Beyond cloud metadata, the SSRF flaw enables an attacker to map the internal network architecture. They systematically probe local ports to identify services bound to 127.0.0.1 or scan adjacent internal subnets. Unauthenticated internal services, such as internal Redis databases, REST APIs, or administrative consoles, become reachable from the external attacker's perspective.
The definitive remediation for this vulnerability is upgrading the langchain-text-splitters package to version 0.3.5 or later. This release incorporates the anti-SSRF hardening implemented in PR #35960. Development teams must audit their dependencies and verify that their Python environments execute the patched version.

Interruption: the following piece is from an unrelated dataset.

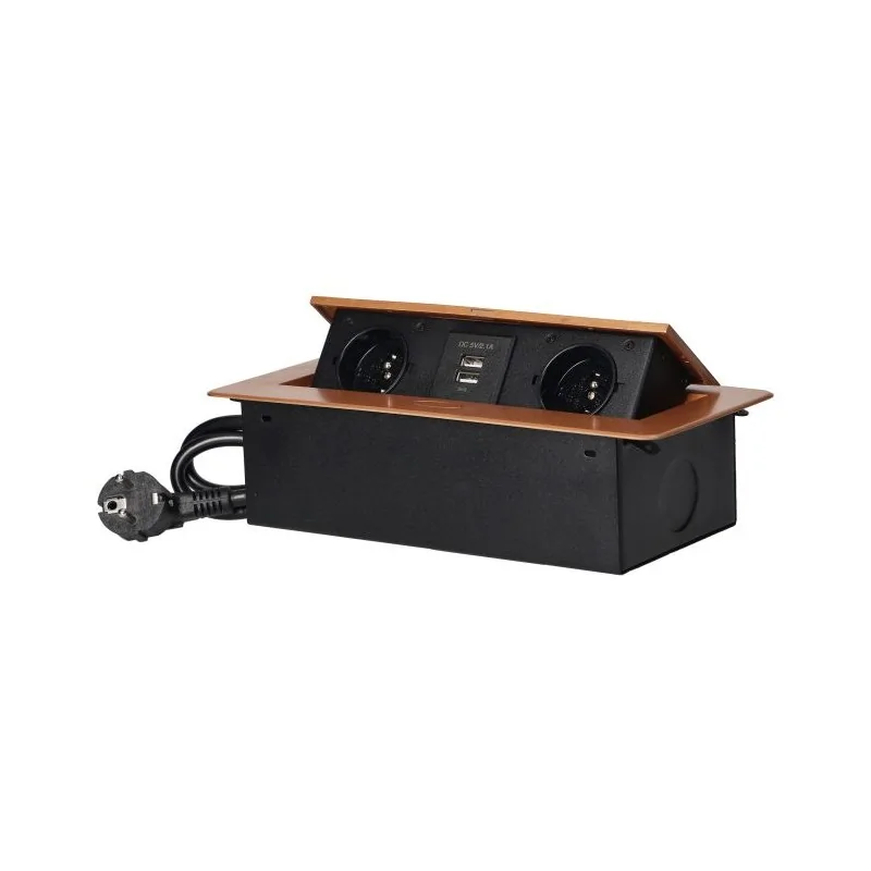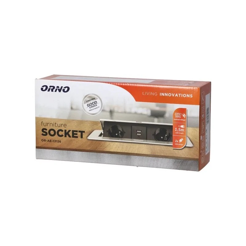 Gniazdo blatowe to zestaw dwóch gniazd sieciowych z uziemieniem i przesłonami torów prądowych, połączonych z ładowarką USB w obudowie chowanej w blat. Urządzenie marki ORNO, przeznaczone jest do montażu w biurkach, blatach i stołach, może być zamontowane zarówno w pozycji pionowej jak i poziomej, zapewniając wygodny dostęp do gniazd elektrycznych. Dzięki płaskiemu rantowi (zaledwie 2 mm) obudowa z gniazdami doskonale wpasowuje się w płaszczyznę np. stołu i nie przeszkadza w jego czyszczeniu. Zestaw posiada fabrycznie zamontowany kabel o długości 1,5m. Pokrywa gniazda jest w szykownym złotym kolorze.

In scenarios where immediate patching is not feasible, organizations must implement defense-in-depth measures at the network level. Configuring strict egress filtering on the host or container running the LangChain application restricts the impact. The egress firewall must deny all outbound traffic to 169.254.169.254 and block traffic to internal subnets (10.0.0.0/8, 172.16.0.0/12, 192.168.0.0/16) unless explicitly required by business logic.
Applications accepting arbitrary URLs for processing should implement defense-in-depth at the application layer. Utilizing dedicated proxy services designed to fetch external content safely prevents direct interaction with untrusted remote servers. These proxies enforce strict routing policies, deny redirects automatically, and strip sensitive headers.
CVSS:3.1/AV:N/AC:L/PR:N/UI:N/S:U/C:L/I:L/A:N| Product | Affected Versions | Fixed Version |
|---|---|---|
langchain-text-splitters LangChain | < 0.3.5 | 0.3.5 |
| Attribute | Detail |
|---|---|
| CWE ID | CWE-918 |
| Attack Vector | Network |
| CVSS Score | 6.5 |
| Impact | Confidentiality, Integrity |
| Exploit Status | Proof-of-Concept |
| KEV Status | Not Listed |
The web server receives a URL or similar request from an upstream component and retrieves the contents of this URL, but it does not sufficiently ensure that the request is being sent to the expected destination.